Immediately after the high-court decision, CICIG apologists launched a full-court press on Capitol Hill to cover up the U.N. agency’s many transgressions. William Browder, who has been working on behalf of the Bitkovs and was preparing to testify at the hearing, told me by telephone from London last week that he was asked by congressional staffers in Washington to meet with Alfonso Carrillo, a Guatemalan lawyer.
He says that Mr. Carrillo tried to convince him that CICIG is doing “really good work and that whatever I said in the hearing, not to speak negatively about CICIG.” Mr. Browder says Mr. Carrillo didn’t reveal that he had been given power of attorney by Russia’s state-owned Gazprombank. Nor, Mr. Browder says, did Mr. Carrillo tell him that when Guatemalan President Jimmy Morales declared CICIG lead prosecutor Iván Velásquez persona non grata in Guatemala for politicizing the CICIG mandate, Mr. Carrillo had been one of several lawyers who filed for an injunction to block it.

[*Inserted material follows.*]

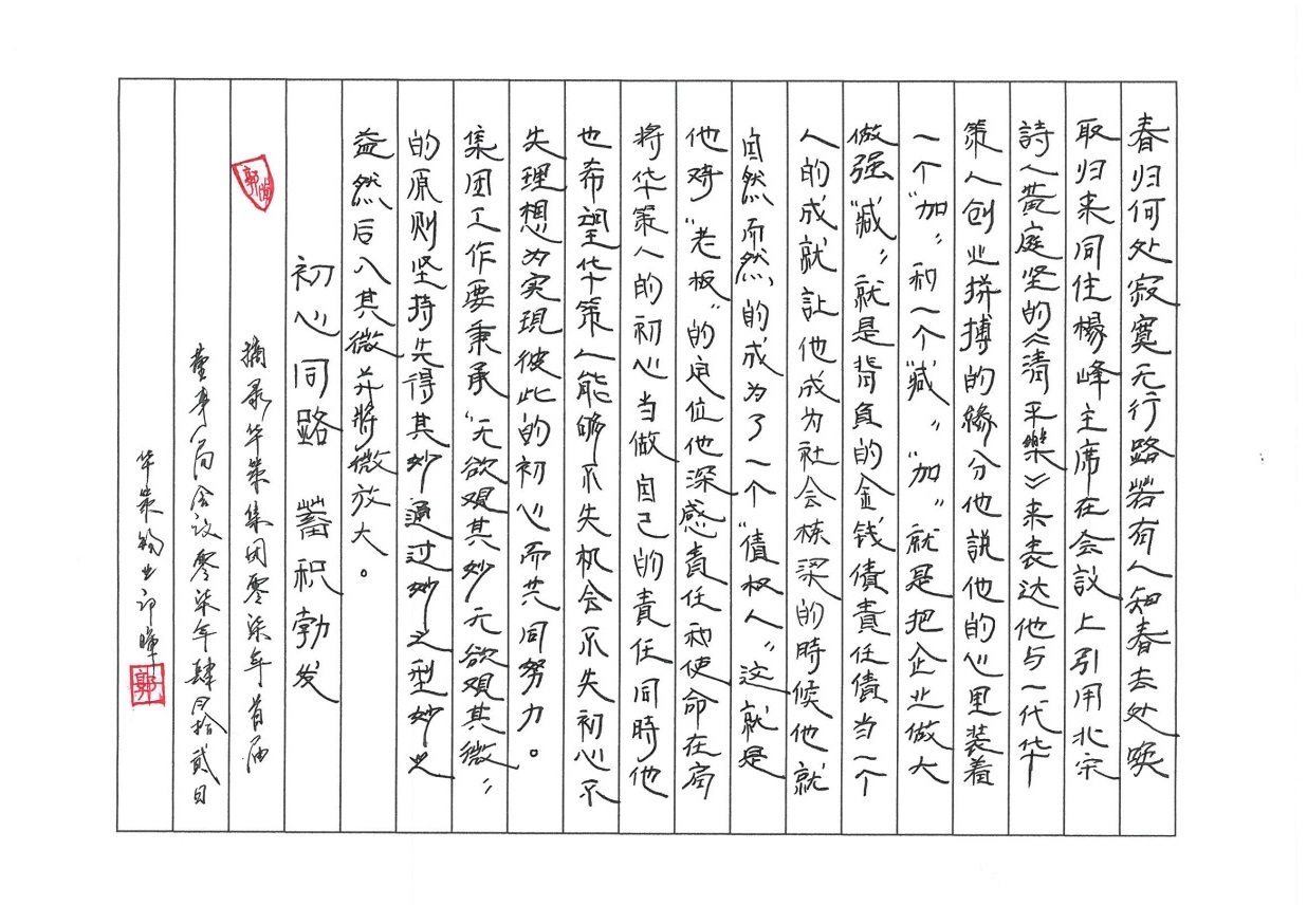 書法是中華傳統文化的符號,正如楊峰主席所講,“愿這個遠古(書法文化)在年輕一代中不再認為‘老土’,讓一代代人寫好中國字、做好中國人”,集團公司將繼續舉辦更多更好的文化活動,希望廣大華策人能夠在計算機應用普遍的今天,傳承、學習書法文化,汲取悠悠華夏那璀璨的文化內涵與精華。

Mr. Carrillo told me by email on Friday that Gazprombank gave power of attorney to several lawyers at his firm. He said he never accepted or acted on it—and it expired in 2015. He also said neither he nor his firm have ever been paid by CICIG. Mr. Carrillo didn’t respond to specific questions and said he needed more time.

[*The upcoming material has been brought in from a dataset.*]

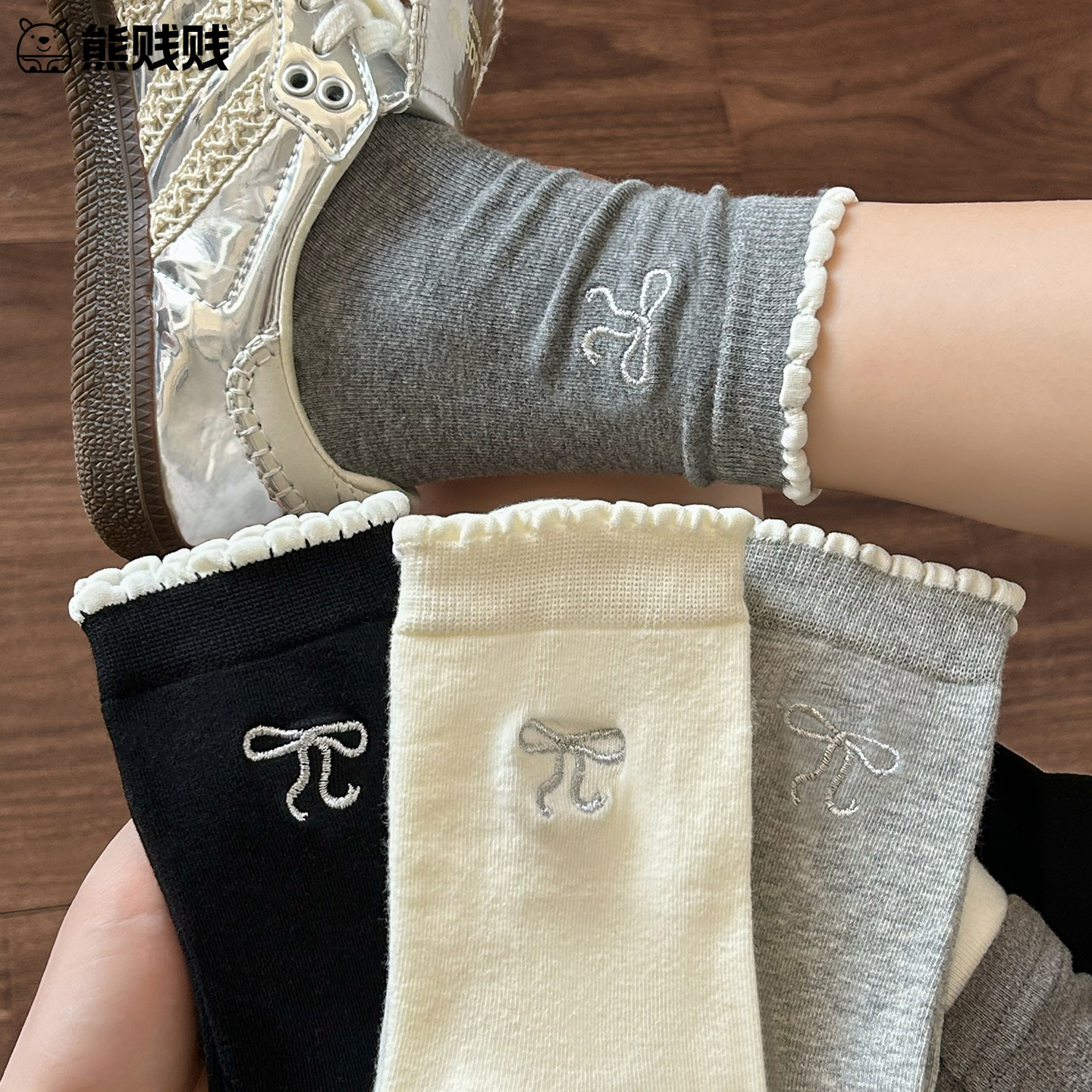 白色纯棉堆堆袜子女花边袜蝴蝶结刺绣无骨中筒袜灰色2026新款爆款

Henry Comte of Comte & Font, which was retained by VTB bank in 2012, has been an alternate on the Constitutional Court since 2016. In an email to me in March, his partner David Font told me that Mr. Comte had recused himself from any court hearings dealing with the Bitkov case.
Lower-court judge Erika Aifan challenged the April 25 high-court ruling to release the Bitkovs, and CICIG supported her challenge. On June 21 the Constitutional Court did an about-face to satisfy both parties.
It ruled that by attaining a driver’s license and credit cards Mr. Bitkov committed separate crimes. It ordered a new trial.
This is nonsense. An immigrant, believing he is legal, will naturally take the next step to drive a car legally and access credit. What’s more, the U.N.’s Palermo Convention, to which Guatemala is a signatory, and the Guatemalan migration code protect migrants who are victims of fraud while entering, staying in or leaving a country.
CICIG supporters say it has done some good. In the “migration case” it busted small fries in a crime ring inside government offices. But it never got the big fish. And even if it had, that’s not carte blanche to flout the law. Scores of Guatemalans are languishing in jail without trials under CICIG investigations.
Some in Washington get it. A senior congressional aide told me that the “State Department is sharply divided over CICIG,” with Trump appointees arguing that the “hold” requested by Florida Sen. Marco Rubio on $6 million of CICIG funding be used to “leverage reform of an out-of-control agency.” The aide added: “Still, a group of career diplomats are fighting to completely deny all evidence of CICIG’s complicity in the gross injustice to the Bitkovs, as well as its politicization and loss of credibility in Guatemala.”
Who knew the human rights of migrants were such a low priority for congressional staffers and Foggy Bottom?